── Data listing

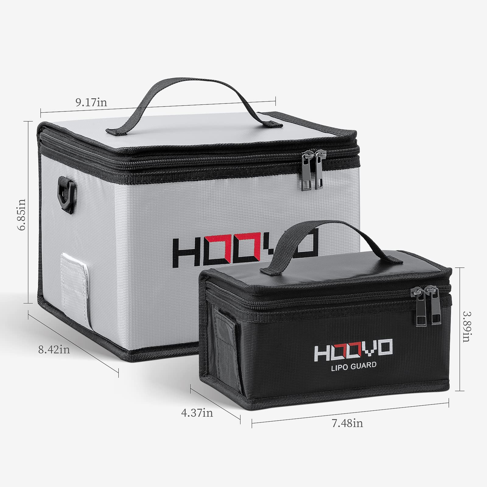 - Q: What are the dimensions of the large and small Lipo Battery Bags? A: The large HOOVO Lipo Battery Bag measures 233*174mm (9.17*6.85 inches) and the small bag measures 190*99mm (7.48*3.89 inches). This dual size option allows for storing multiple Lipo batteries of various sizes.
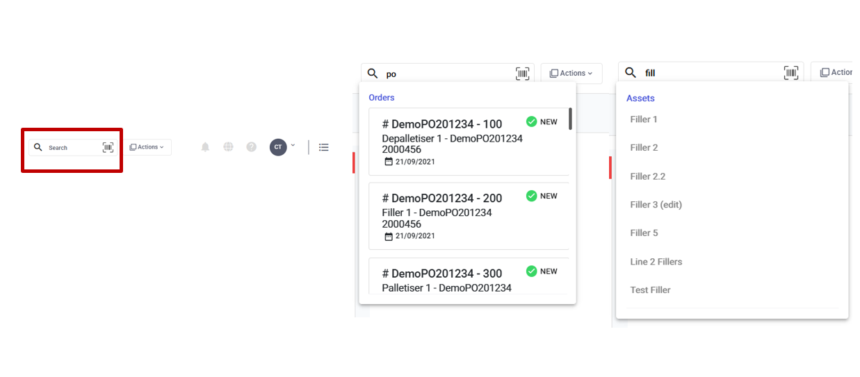The Quick search on the top right of the UI allows you to quickly search for any running orders or assets and will navigate you to them when clicked.
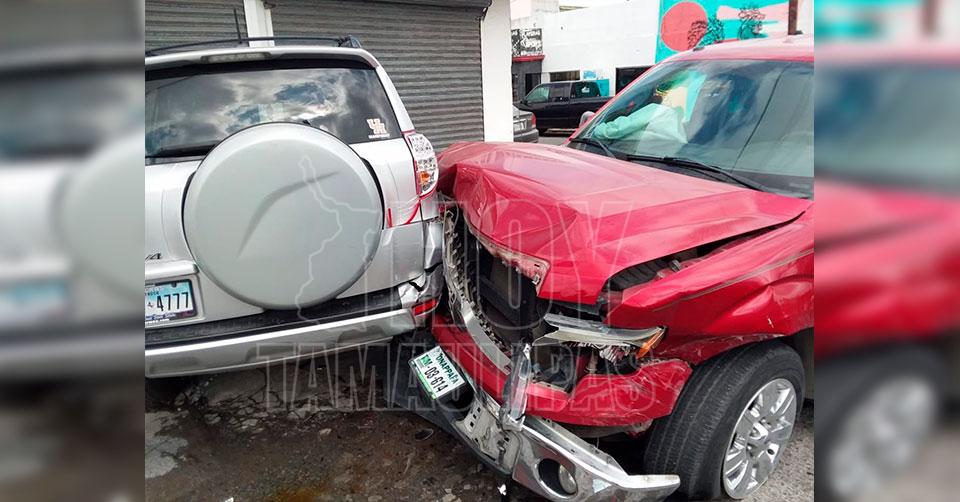 Aparatoso choque deja cuantiosos daños materiales en Matamoros
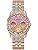 Alcanza el cielo y trasciende el tiempo. Con sus tonos rosas en cascada y tonos dorado rosa en toda la superficie, este reloj multifuncional presenta una esfera brillante, una banda de acero inoxidable y una bisel de cristal.
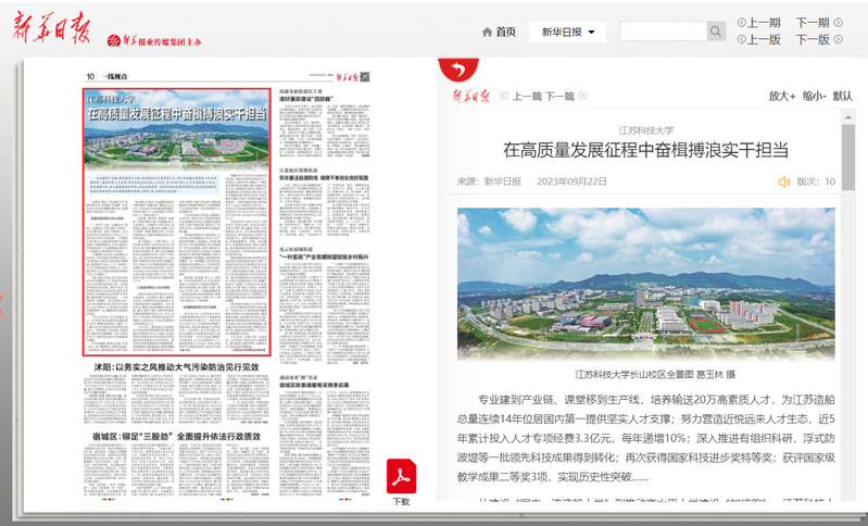 新华日报《中国船舶集团大力支持MILAN.COM米兰(中国)高水平大学建设--深化产教融合 加强人才培养》
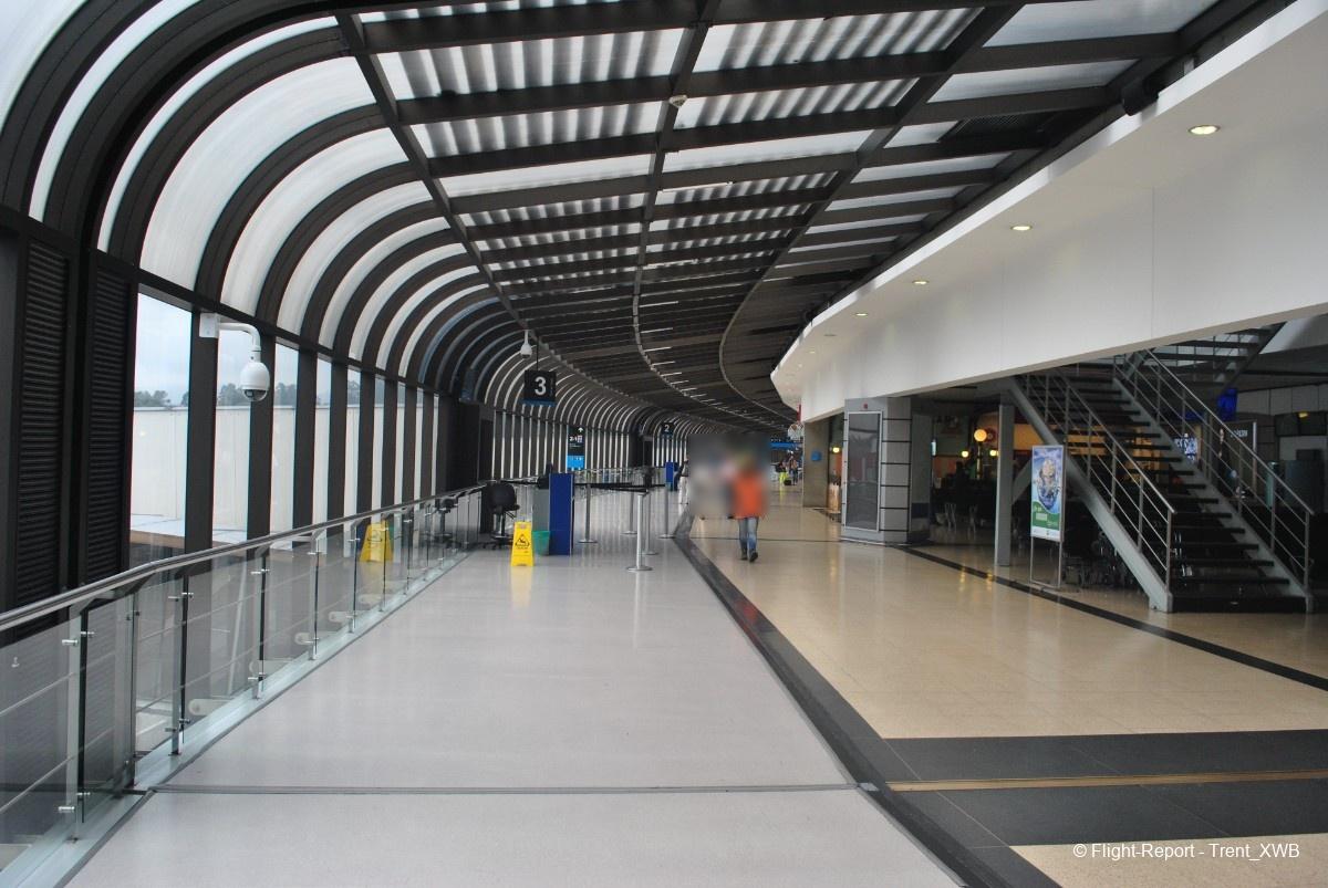 The SMR terminal from the outside. The airport is connected to the city centre by bus service.

────

Task requirements:
In your copy of the listing, please omit the pictures and keep every word exact.

The answer:
 - Q: What are the dimensions of the large and small Lipo Battery Bags? A: The large HOOVO Lipo Battery Bag measures 233*174mm (9.17*6.85 inches) and the small bag measures 190*99mm (7.48*3.89 inches). This dual size option allows for storing multiple Lipo batteries of various sizes.
The Quick search on the top right of the UI allows you to quickly search for any running orders or assets and will navigate you to them when clicked.
 Aparatoso choque deja cuantiosos daños materiales en Matamoros
 Alcanza el cielo y trasciende el tiempo. Con sus tonos rosas en cascada y tonos dorado rosa en toda la superficie, este reloj multifuncional presenta una esfera brillante, una banda de acero inoxidable y una bisel de cristal.
 新华日报《中国船舶集团大力支持MILAN.COM米兰(中国)高水平大学建设--深化产教融合 加强人才培养》
 The SMR terminal from the outside. The airport is connected to the city centre by bus service.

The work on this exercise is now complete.